In case of expropriation annotation:
- By obtaining the expropriation documents, it should be investigated whether the expropriation proceedings have become final, if the expropriation has become final, the plaintiff should be given an appropriate time for the subdivision of the expropriated part, and it should be decided to eliminate the partnership of the remaining part of the immovable property.
In immovable properties with family residence annotation:
- In cases where the spouse’s consent to the lawsuit cannot be obtained, the lawsuit should be rejected.
Other special situations:
- The fact that the immovable property is subject to usufruct, seizure, and mortgage does not prevent the elimination of its partnership. It should be sold with these rights, and in case of division in kind, these rights and claims should pass to each part.

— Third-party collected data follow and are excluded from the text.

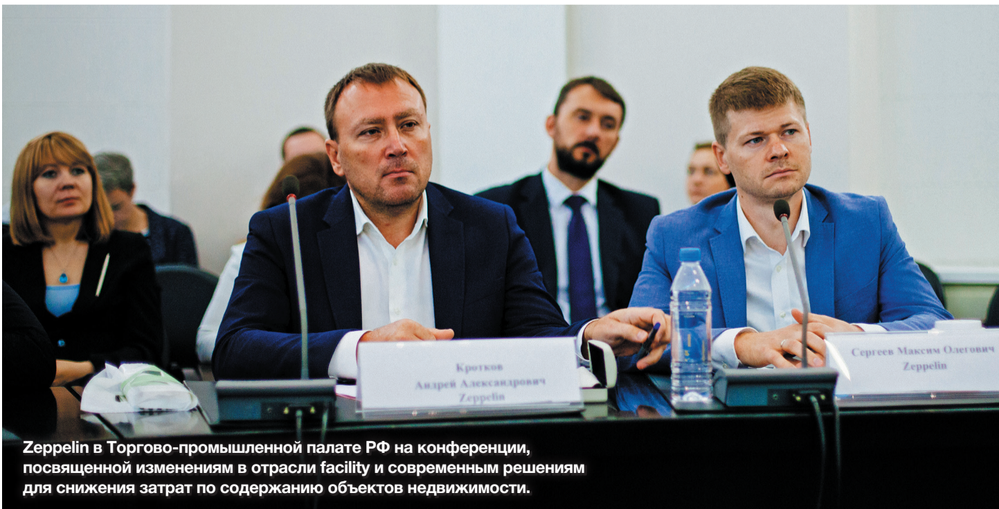
Zeppelin в Торгово-промышленной палате РФ на конференции, посвященной изменениям в отрасли facility и современным решениям для снижения затрат по содержанию объектов недвижимости.

*По материалам Property Guide, № 1, 2019
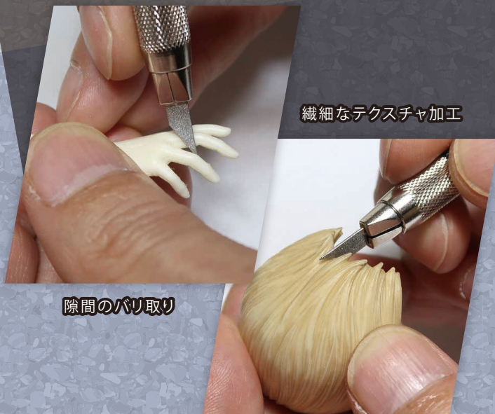
繊細なテクスチャ加工
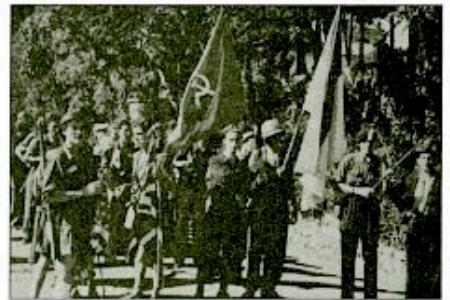
Entrée des FFI à Monaco le 3 septembre 1944.
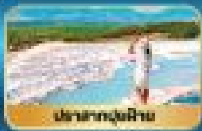
เล่นน้ำทะเลริมฝั่ง
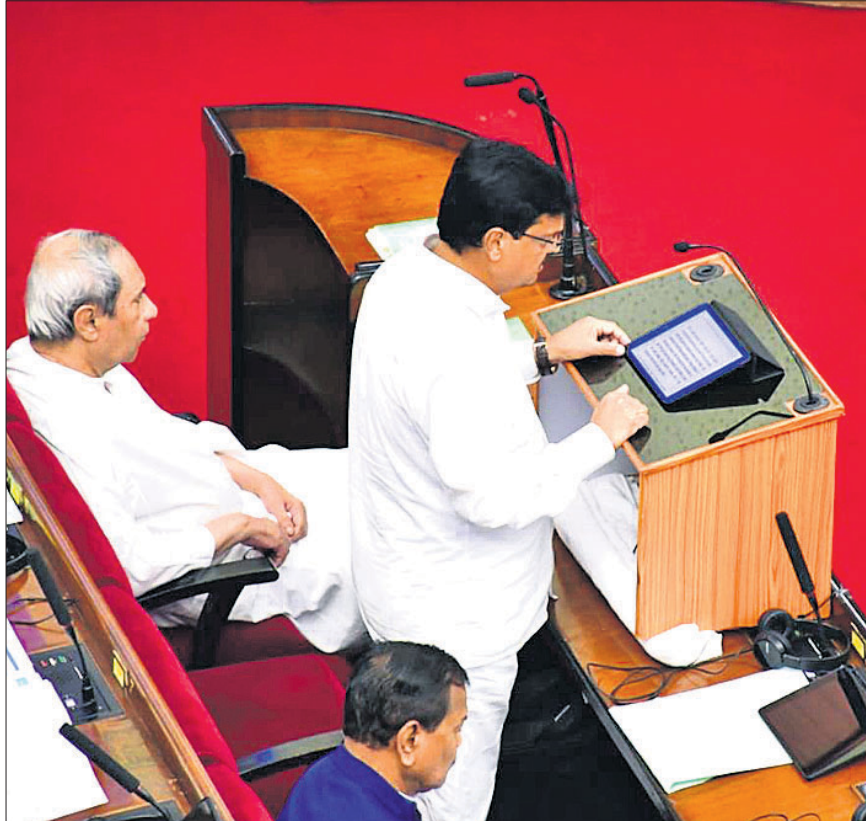
ଅର୍ଥମନ୍ତ୍ରୀ ନିରଞ୍ଜନ ପୂଜାରୀ ଶୁକ୍ରବାର ବିଧାନସଭାରେ ୨୦୨୩-୨୪ ପୁଞ୍ଜୀକୃତ ବଜେଟ୍ ଉପସ୍ଥାପନ କରୁଛନ୍ତି ।

ଲୋକଙ୍କ ବଜେଟ୍: ପୁଞ୍ଜୀକୃତ ୨୦୨୩-୨୪ ଆର୍ଥିକ ବର୍ଷ ପାଇଁ ଶୁକ୍ରବାର ବିଧାନ ସଭାରେ ବଜେଟ୍ ଆଗତ ହୋଇଛି । ଏହି ବଜେଟ୍ ଉପରେ ପ୍ରତିକ୍ରିୟା ଦେଇ ପୁଞ୍ଜୀକୃତ ନବୀନ ପଟ୍ଟନାୟକ କହିଛନ୍ତି ଯେ, ଏହା ଏକ ଲୋକାଭିମୁଖୀ ବଜେଟ୍ । ଏହି ବଜେଟ୍ ଲୋକଙ୍କର, ଲୋକଙ୍କ ଦ୍ୱାରା ଏବଂ ଲୋକମାନଙ୍କ ପାଇଁ । ଏହି ବଜେଟ୍ ଓଡ଼ିଶାର ବିକାଶକୁ ଆଗକୁ ନେବ ।
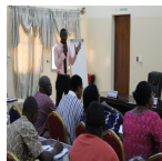
Photo 13: L'Expert Zones humides de la Cellule Ramsar du SP/CNDD déroulant le processus d'inscription du site Ramsar aux participants ( Projet EBA/FEM Burkina Faso, 21-09-2017 )
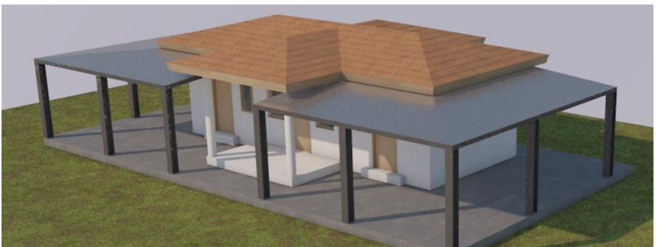
τα στέγαστρα του κτιρίου διοίκησης
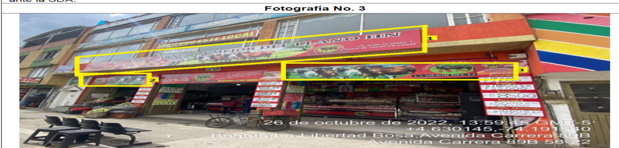
En la cual se evidencian tres (3) elementos tipo aviso en fachada pertenecientes al establecimiento comercial COOPERATIVA DE CARNES LA MEJOR DEL LLANO HN, los cuales son adicionales al único elemento permitido por fachada de establecimiento comercial.
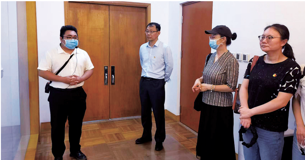
图24 参观陈云纪念馆

7月1日，苏州评弹学校全体党员、在职干部职工赴陈云纪念馆学习参观。大家在解说员的带领下认真有序参观，聆听讲解、驻足思考，瞻仰陈云同志为党和人民不懈奋斗的光辉一生，缅怀陈云同志的不朽功勋和崇高风范，感悟“坚守信念、党性坚强、一心为民、实事求是、刻苦学习”的陈云精神。
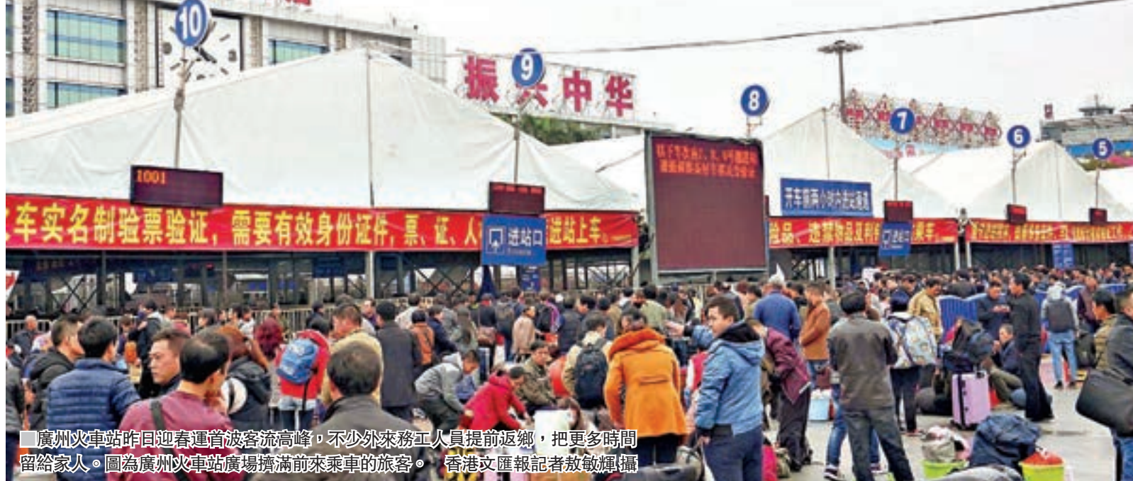
廣州火車站昨日迎春運首波客流高峰,不少外來務工人員提前返鄉,把更多時間留給家人。圖為廣州火車站廣場擠滿前來乘車的旅客。

香港文匯報訊(記者 敖敏輝 廣州報道)昨日是2018年春運啟動前最後一個周末,不少外來務工人員提前返鄉,珠三角主要車站迎來第一波客流高峰。返鄉旅客當中,以避開春運乘車高峰而提前返鄉的為主,亦有因工廠開工不足提前放假的工人。擠出更多時間陪家人,是多數旅客的選擇。為了應對客流小高峰,廣州火車站等集散車站已搭起旅客臨時候車大棚,春運義工亦提前上崗,疏導旅客。
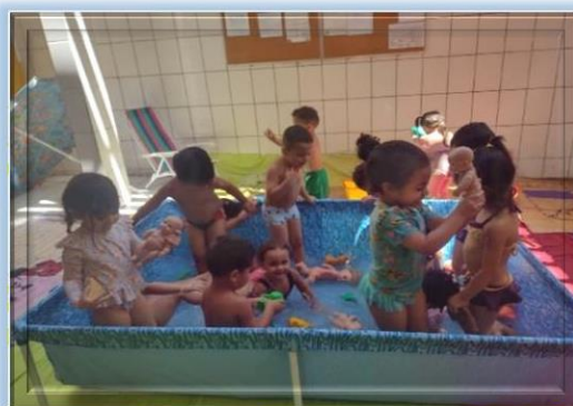
Brincadeiras com água

Endereço: Rua Camargo nº 184, bairro Paulicéia, São Bernardo do Campo / SP
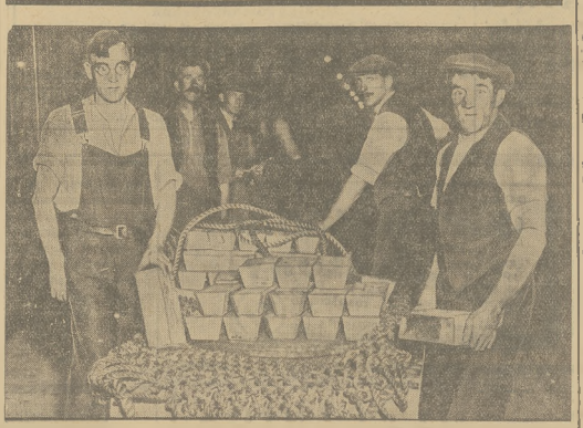
NAJWIĘKSZY TRANSPORT SREBRA PŁYNIE PRZEZ ATLANTYK. Parowiec „Wasygaton” przejeżdża do historii jako ten okręt, na którym przetapiano w Ameryki największą w dziejach świata ilość srebra, składającą się z 40,000 stów. Oto jak wygląda ładowanie srebra na okręt w porcie Southampton.

stację lotniczą dla samolotów, przebiegających nad południowym Atlantykiem. Stwierdzi się więc w tym punkcie strategicznym. Anglja wie, jak ważna jest ta wyspa i dlatego nie zabraknie jej mieszkańcy. Obecnie projektowane jest nawet jednonozne połączenie okrętowe Anglii z wyspą.
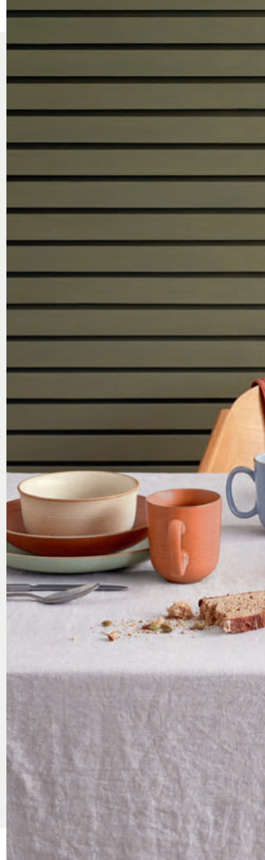
Cappuccinotasse 2-tlg. Cappuccino cup & saucer 0,27 l
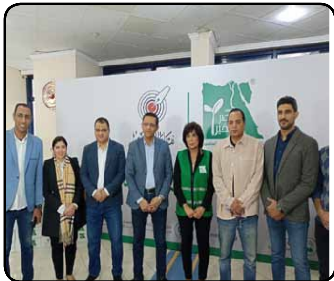
نقابة الصحفيين ومصر الخير يدشنان شحنة مساعدات غذائية وطبية لأهالي قطاع غزة
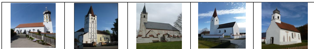
St. Martin Bergen

- It is possible to convert the usufruct right established before 01.01.2002 into money at the request of the right holder. In the usufruct right established after 01.01.2002, the usufruct right holder must be included in the lawsuit according to Article 700 of the Turkish Civil Code.
Special Situations Regarding Lawsuits Filed by Creditors
- In lawsuits filed by the creditor of the indebted partner, if more than one immovable property is subject to the lawsuit, according to the amount of debt subject to enforcement proceedings, the value that will fall to the share of the indebted partner from the immovable properties as of the date of the lawsuit should be determined, and it should be decided to eliminate the partnership of enough immovable properties to cover the debt, and the request for excess should be rejected.
- In lawsuits filed by the creditor of the indebted partner; all partners (co-owners), including the indebted partner (co-owner), must be included in the lawsuit.
- In cases where a lawsuit for converting joint ownership to shared ownership is filed by the owners of the subject immovable property after the lawsuit for elimination of partnership is filed by the creditor according to Article 121 of the Enforcement and Bankruptcy Law, both lawsuits can be combined and heard, or the lawsuit for converting joint ownership to shared ownership can be made a preliminary issue in the lawsuit for elimination of partnership.
Fees and Trial Expenses
Since lawsuits for elimination of partnership are bilateral and produce similar results for the parties, trial expenses and attorney fees are imposed on the parties in proportion to their shares.
Decision and judgment fee:
- In case of decision to eliminate the partnership of the immovable property through sale: 11.38 per thousand over the sale price
In this case, the fee is calculated over the amount obtained from the sale of the immovable property. For example, for an immovable property sold for 1,000,000 TL, the fee to be paid will be 11,380 TL. This rate is applied due to the realization of the sale transaction and the parties obtaining cash. The fee is usually deducted from the sale price and the remaining amount is distributed among the co-owners.
- In case of decision to eliminate the partnership of the immovable property through division in kind: 4.55 per thousand over the value of the immovable property
In division in kind, a lower rate of fee is charged over the value of the immovable property. For example, in case of division in kind of an immovable property with a value of 1,000,000 TL, the fee to be paid will be 4,550 TL. This rate is kept lower because there is no sale and only a physical division is made between the parties. The fee is usually distributed among the parties according to their share ratios.
- Elimination of partnership of movable properties: Subject to fixed decision and judgment fee
A fixed fee is charged for movable properties. This fee is a fixed amount determined independently of the value of the movable and is updated periodically.
Point to note: Since the Treasury is one of the institutions exempt from fees according to Article 13 of the Fees Law, in lawsuits for elimination of partnership of immovable properties where the Treasury is a co-owner, it should be decided to collect the remaining fee from the co-owners in proportion to their shares after deducting the part falling to the Treasury’s share.